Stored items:
<<<<
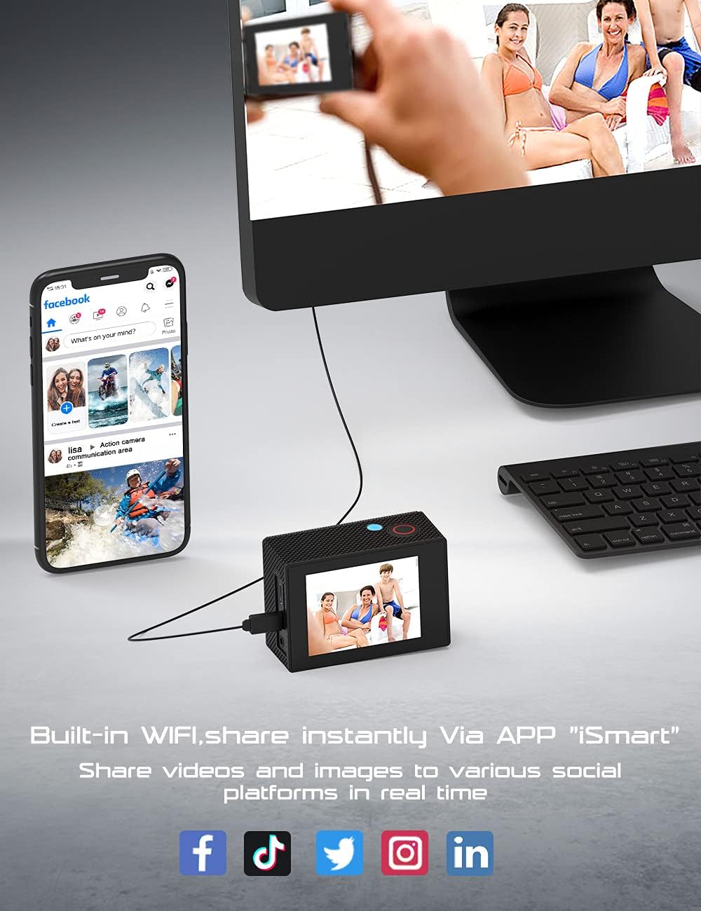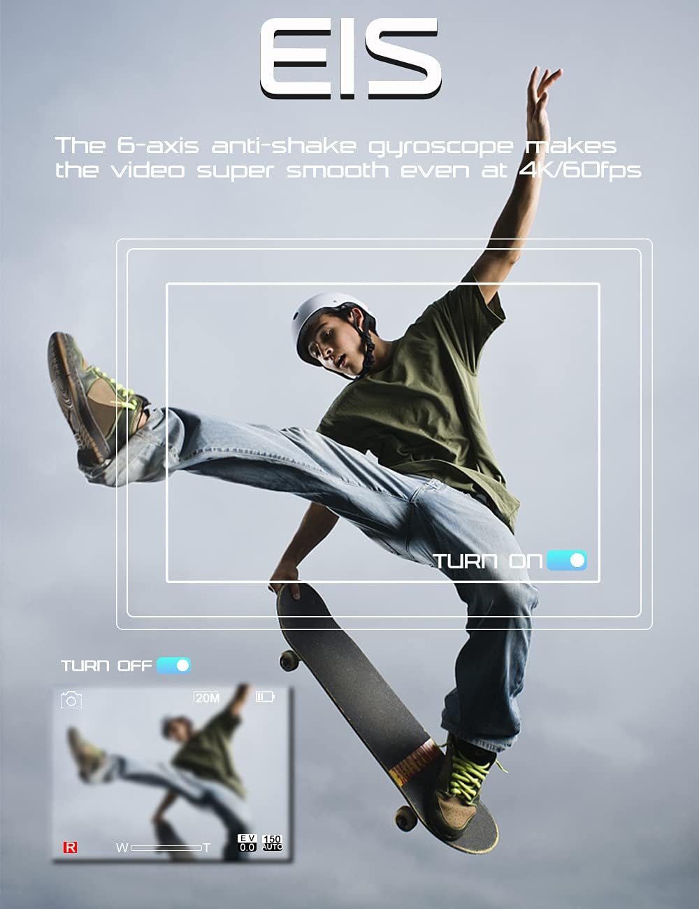 - 【6-Achsen-EIS und 40M Wasserdicht & Staubdicht & Absturzsicher】: Mit eingebauten elektronischen Bildstabilisierung (EIS) mit 6-Achsen-Gyroskop wird die Stabilität des Videos verbessert. Ausgestattet mit einer verbesserten IP68 wasserdichten Box,
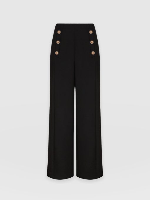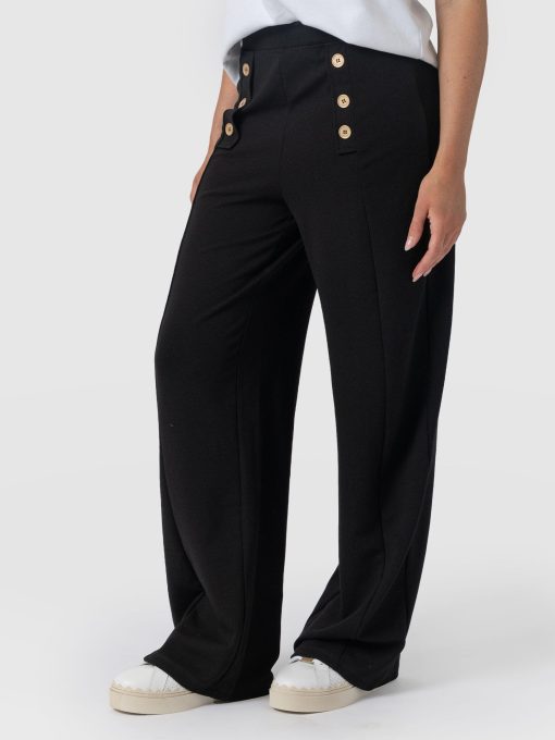 A classic wide leg pant style, made with the softest Ponte di Roma fabric from Italy and gold button detail. High-waisted, comfortable and relaxed with an elasticated waistband finish and pull-on construction. We love the soft Ponte di Roma fabric because its wrinkle and crease free with a beautiful drape. Each style is handmade in our studios with discrete stitching. Perfect for work or weekends, style up with heels or down with sneakers or sandals.
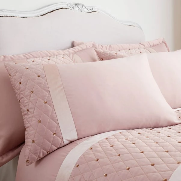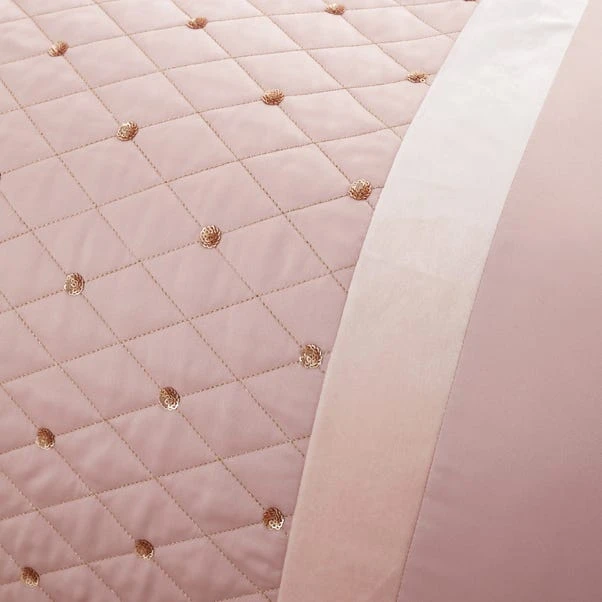 Elegant and indefinitely opulent, the Sequin Blush bed-linen by Catherine Lansfield adds both style and quality to your home. Luxuriously quilted panels of matt satin, sparkling sequins and velvet borders elegantly embellish this beautiful bed-linen, creating a luscious master bedroom look. This set is machine washable, providing ease of use.
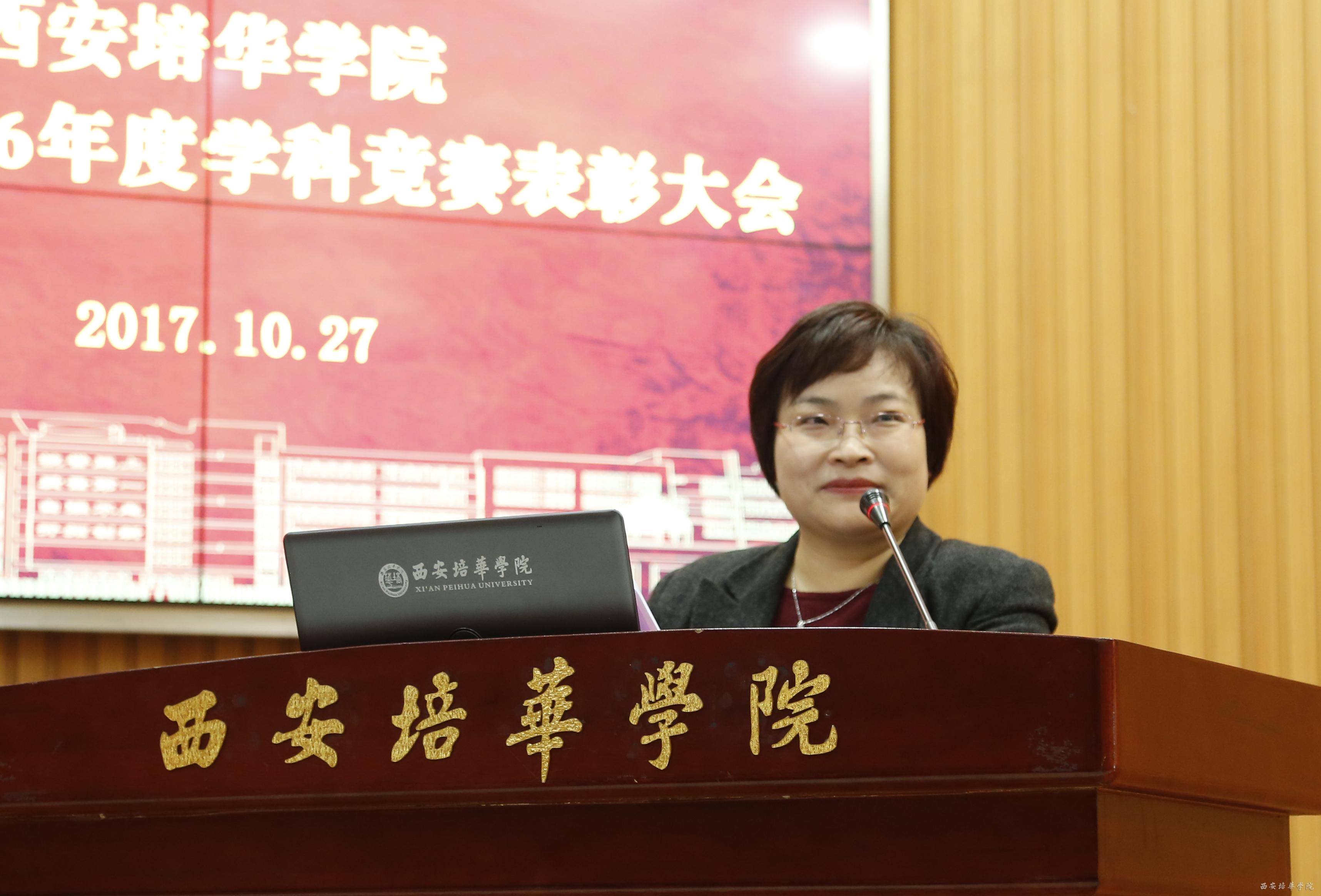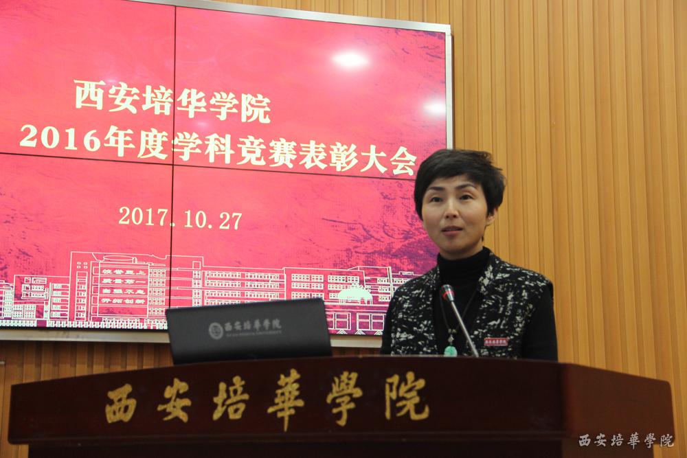 姚文静副校长宣读《西安培华学院关于表彰2016年度学科竞赛获奖学生的通报》
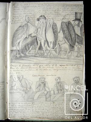 Autor Figueroa, José María Título J.R.R IVI 715. Página 93 Técnica DibujoLápiz De grafito Año 1876 -1885 circa Medidas 35.3 x 22.8 cm Temática Histórico Caricatura Palabras Clave Caricatura - Pájaros - Reunidos - Animales - Rata - Ratón - Gato - Papeles - Escribir - Texto
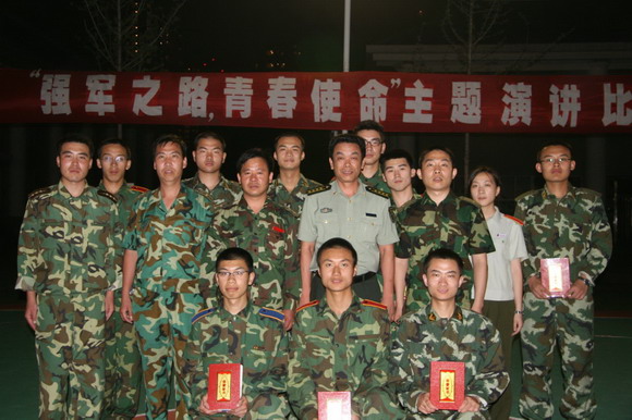 BB贝博艾弗森官方网站07级国防生军事技能训练已开展一个多星期,全体学员正以饱满的精神状态磨练自己,坚持发扬敢于拼搏、勇争第一的精神,时时处处为学校争光添彩。7月15日,北京地区十所高校07级国防生联合举办了“强军之路,青春使命”演讲比赛。BB贝博信息学院朱世人同学,在连队组织的选拔比赛中脱颖而出,计算机软件学院陈副书记和带队干部给予了精心指导,经过认真准备,朱世人同学以《北理工,我的国防我的梦》为题的演讲,赢得了阵阵掌声和全体评委的一致好评,最终力克群雄,获得了第一名的好成绩。全体参训国防生纷纷表示,要以朱世人同学为榜样,在今后的军训中,继续发扬勇于拼搏、坚韧不拔的精神,力争取得更大成绩,充分展示出北理学子的良好风采。
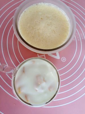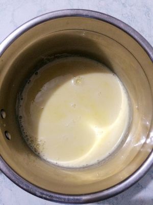 将蛋黄糊倒入牛奶中,用小奶锅在电磁炉以最小火加热至五成热即可,要不断搅拌。如果在明火上加热,就采用隔水加热法加热。蛋奶糊加热后变得略有些稠了。
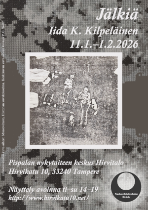 Hirvitalon yläkerrassa on 11.1.-1.2.2026 esillä Iida K. Kilpeläisen näyttely Jälkiä. Teoksissa varioidaan arkistoista löydettyjä kuva-aiheita ja esitetään ajallisia prosesseja taidegrafiikan ja kirjonnan menetelmillä. Kokonaisuus koostuu osin installaatiomuotoisesta kohopainografiikasta, ristispistotöistä sekä puupiirrosanimaatiosta, jonka kohiseva ääniraita on tulkittu kuvatiedostoista.
>>>>
§ What you need to do
In the entries above, every line from the line with "Elegant and indefinitely" to the line with "姚文静副校长宣读《西安培华学院关于表彰2016年度学科竞赛获奖学生的通报》" is to be printed exactly, with both ends included and pictures excluded.

§ Answer box
 Elegant and indefinitely opulent, the Sequin Blush bed-linen by Catherine Lansfield adds both style and quality to your home. Luxuriously quilted panels of matt satin, sparkling sequins and velvet borders elegantly embellish this beautiful bed-linen, creating a luscious master bedroom look. This set is machine washable, providing ease of use.
 姚文静副校长宣读《西安培华学院关于表彰2016年度学科竞赛获奖学生的通报》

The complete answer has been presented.